▶ **TASK INPUTS**:
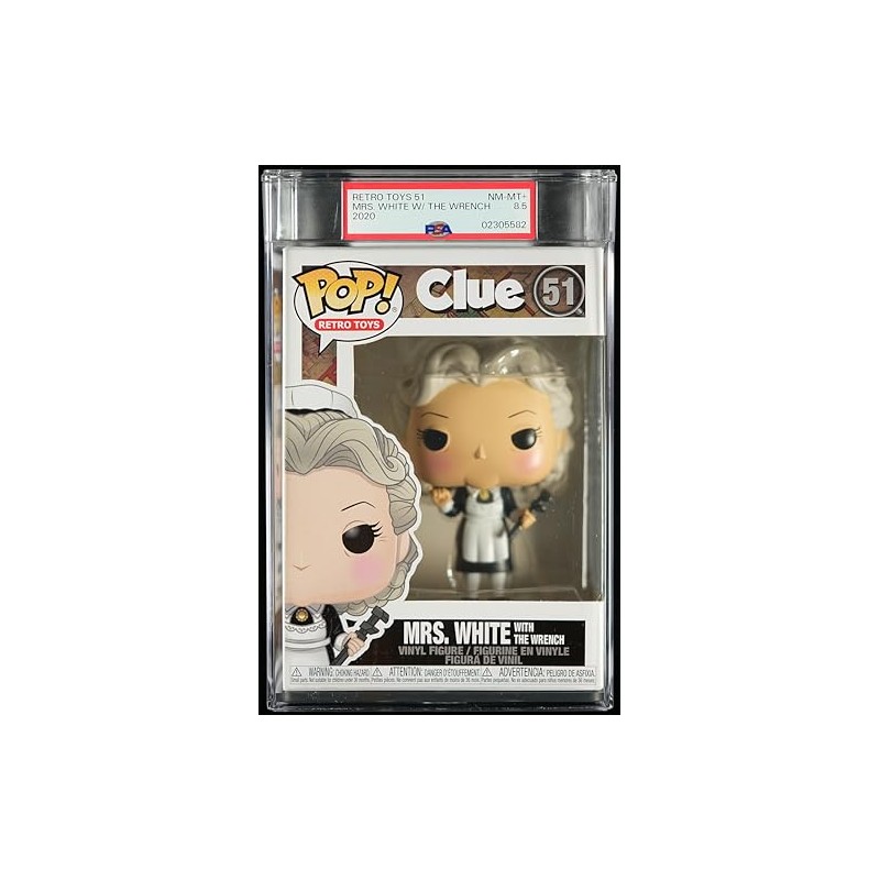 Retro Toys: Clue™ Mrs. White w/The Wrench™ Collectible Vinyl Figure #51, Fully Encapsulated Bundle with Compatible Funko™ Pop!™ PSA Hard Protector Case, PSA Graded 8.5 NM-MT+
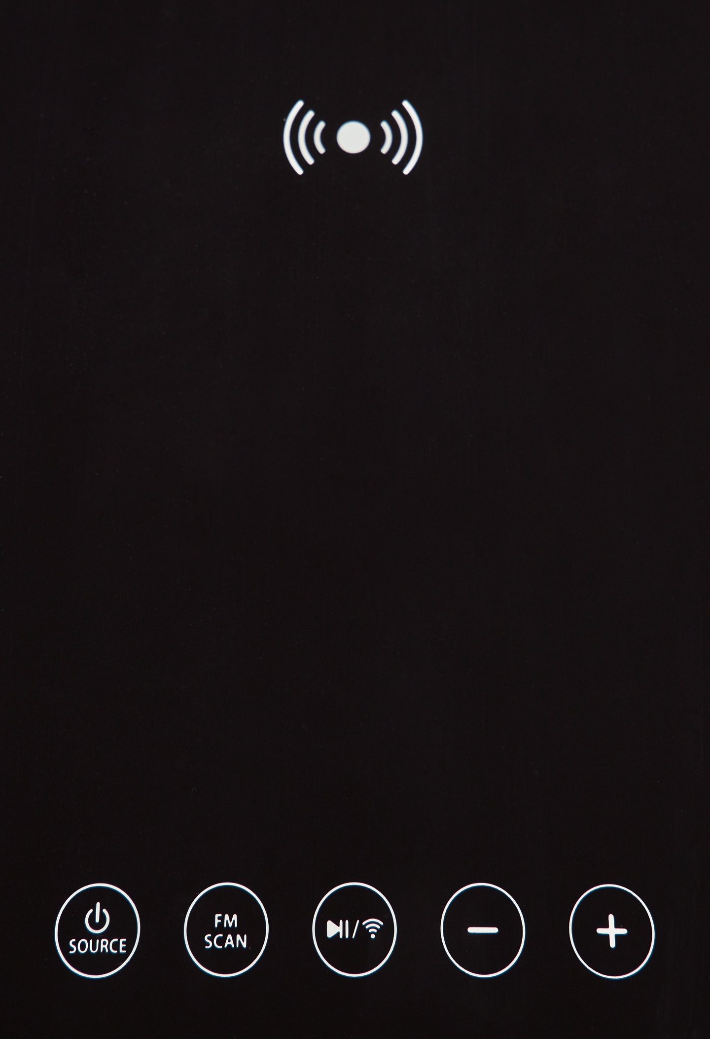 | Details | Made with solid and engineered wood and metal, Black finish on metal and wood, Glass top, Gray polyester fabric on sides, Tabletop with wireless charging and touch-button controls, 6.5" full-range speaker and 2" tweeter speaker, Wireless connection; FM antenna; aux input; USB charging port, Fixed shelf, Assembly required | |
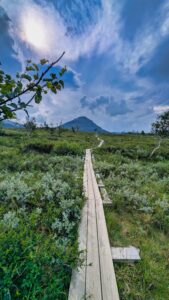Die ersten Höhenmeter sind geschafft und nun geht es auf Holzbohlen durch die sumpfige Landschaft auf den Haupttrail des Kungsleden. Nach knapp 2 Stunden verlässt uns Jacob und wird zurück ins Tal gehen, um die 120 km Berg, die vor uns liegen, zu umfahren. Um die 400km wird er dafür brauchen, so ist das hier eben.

---

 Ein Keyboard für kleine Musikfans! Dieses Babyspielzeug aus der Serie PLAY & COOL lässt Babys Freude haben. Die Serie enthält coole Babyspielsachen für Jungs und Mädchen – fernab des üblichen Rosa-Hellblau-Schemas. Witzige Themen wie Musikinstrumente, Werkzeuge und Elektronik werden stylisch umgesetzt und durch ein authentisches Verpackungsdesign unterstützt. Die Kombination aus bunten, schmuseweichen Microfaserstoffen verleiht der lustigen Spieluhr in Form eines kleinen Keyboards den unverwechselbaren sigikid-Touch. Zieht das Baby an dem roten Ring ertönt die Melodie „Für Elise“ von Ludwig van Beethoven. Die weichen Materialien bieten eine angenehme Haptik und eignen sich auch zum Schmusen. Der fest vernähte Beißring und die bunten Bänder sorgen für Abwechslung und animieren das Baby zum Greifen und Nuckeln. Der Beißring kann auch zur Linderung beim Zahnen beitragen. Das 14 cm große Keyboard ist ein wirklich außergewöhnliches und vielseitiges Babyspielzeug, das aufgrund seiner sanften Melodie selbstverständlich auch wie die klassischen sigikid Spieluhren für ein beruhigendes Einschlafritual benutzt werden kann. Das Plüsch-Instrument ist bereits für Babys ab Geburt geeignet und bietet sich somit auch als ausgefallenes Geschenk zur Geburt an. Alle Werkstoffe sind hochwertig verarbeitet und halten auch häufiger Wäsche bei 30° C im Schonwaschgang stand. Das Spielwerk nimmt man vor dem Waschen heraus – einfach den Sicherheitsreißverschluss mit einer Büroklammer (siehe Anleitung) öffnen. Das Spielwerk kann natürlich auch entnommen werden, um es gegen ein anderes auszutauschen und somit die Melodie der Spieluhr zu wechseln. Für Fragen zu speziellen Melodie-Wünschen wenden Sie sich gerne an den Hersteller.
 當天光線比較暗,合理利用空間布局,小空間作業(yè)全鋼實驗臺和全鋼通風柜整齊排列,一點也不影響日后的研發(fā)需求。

▶ **WHAT TO PRODUCE**: Using the listing above, restate exactly the range between the lines holding "Retro Toys: Clue™" and "Die ersten Höhenmeter", inclusive, with pictures left out.

▶ **OUTPUT**:
 Retro Toys: Clue™ Mrs. White w/The Wrench™ Collectible Vinyl Figure #51, Fully Encapsulated Bundle with Compatible Funko™ Pop!™ PSA Hard Protector Case, PSA Graded 8.5 NM-MT+
 | Details | Made with solid and engineered wood and metal, Black finish on metal and wood, Glass top, Gray polyester fabric on sides, Tabletop with wireless charging and touch-button controls, 6.5" full-range speaker and 2" tweeter speaker, Wireless connection; FM antenna; aux input; USB charging port, Fixed shelf, Assembly required | |
Die ersten Höhenmeter sind geschafft und nun geht es auf Holzbohlen durch die sumpfige Landschaft auf den Haupttrail des Kungsleden. Nach knapp 2 Stunden verlässt uns Jacob und wird zurück ins Tal gehen, um die 120 km Berg, die vor uns liegen, zu umfahren. Um die 400km wird er dafür brauchen, so ist das hier eben.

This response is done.